1. Scatterplot of weight vs desired weight. Describe the relationship between these two variables.

plot(cdc$weight~ cdc$wtdesire)

There appears to be a positive (potentially linear) relationship between the two variables.

2. New variable: the difference between desired weight (wtdesire) and current weight (weight).

Create this new variable by subtracting the two columns in the data frame and assigning them to a new object called wdiff.

wdiff = cdc$wtdesire- cdc$weight

3. What type of data is wdiff?

If an observation wdiff is 0, what does this mean about the person’s weight and desired weight.

What if wdiff is positive or negative?

wdiff is a discrete variable. If the observation of wdiff is 0, that indicates that the subject has reached their desired weight goal. If wdiff is negative, the individual must lose weight to reach their desired goal, while if wdiff is positive, the individual must gain weight instead.

4.Describe the distribution of wdiff in terms of its center, shape, and spread, including any plots you use.

What does this tell us about how people feel about their current weight?

summary(wdiff)

##    Min. 1st Qu.  Median    Mean 3rd Qu.    Max. 
## -300.00  -21.00  -10.00  -14.59    0.00  500.00

hist(wdiff, breaks = 100, xlim = range(-200:200))

boxplot(wdiff)

boxplot(wdiff, outline = F)

The summary statistics show that, on average, subjects desired to lose approximately 15 pounds. The histogram shows (through being mostly left skewed) that is more a tendency for subjects to desire losing weight than gaining it. The boxplot including outliers (first boxplot) showed that the average subject was slightly more likely to desired to lose weight to reach their goal, however removing outliers (second boxplot) showed that the average subject is far more likely to desire losing weight than gaining some to reach their goal (indicated by both the IQ range and the lower mean).

5.Using numerical summaries and a side-by-side box plot, determine if men tend to view their weight differently than women.

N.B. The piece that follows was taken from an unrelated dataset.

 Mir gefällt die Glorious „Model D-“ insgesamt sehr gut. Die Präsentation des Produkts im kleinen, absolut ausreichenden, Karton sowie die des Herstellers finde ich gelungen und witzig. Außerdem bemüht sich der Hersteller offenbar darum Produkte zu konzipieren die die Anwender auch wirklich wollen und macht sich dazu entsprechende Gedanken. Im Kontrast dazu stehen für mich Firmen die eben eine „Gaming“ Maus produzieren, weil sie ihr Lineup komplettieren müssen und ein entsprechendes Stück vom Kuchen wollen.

wdiff_gen = data.frame(cdc$gender,wdiff)
# summaries
diff_fem = subset(wdiff_gen, cdc$gender == "f")
diff_male = subset(wdiff_gen, cdc$gender == "m")
summary(diff_fem)

##  cdc.gender     wdiff        
##  m:    0    Min.   :-300.00  
##  f:10431    1st Qu.: -27.00  
##             Median : -10.00  
##             Mean   : -18.15  
##             3rd Qu.:   0.00  
##             Max.   :  83.00

summary(diff_male)

##  cdc.gender     wdiff        
##  m:9569     Min.   :-300.00  
##  f:   0     1st Qu.: -20.00  
##             Median :  -5.00  
##             Mean   : -10.71  
##             3rd Qu.:   0.00  
##             Max.   : 500.00

# boxplot
boxplot(wdiff_gen$wdiff ~ cdc$gender, outline = F)

It appears that women desire to lose weight more than men and women also have a larger wdiff than men, which could potentially mean that women may feel more strongly about their weight goals or even set more difficult-to-achieve goals than men.

6. Find the mean and standard deviation of weight and determine what proportion of the weights are within one standard deviation of the mean.

# mean and stand. dev.
mean_weight = mean(cdc$weight)
mean_weight

## [1] 169.683

sd_weight = sd(cdc$weight)
sd_weight

## [1] 40.08097

# one standard deviation from mean
prop_stdev = subset(cdc, cdc$weight<(mean_weight+sd_weight) & cdc$weight>(mean_weight-sd_weight))
dim(prop_stdev)/20000

## [1] 0.70760 0.00045

Approximately 70.76% of subjects’ weight was withing one standard deviation of the mean (169.683).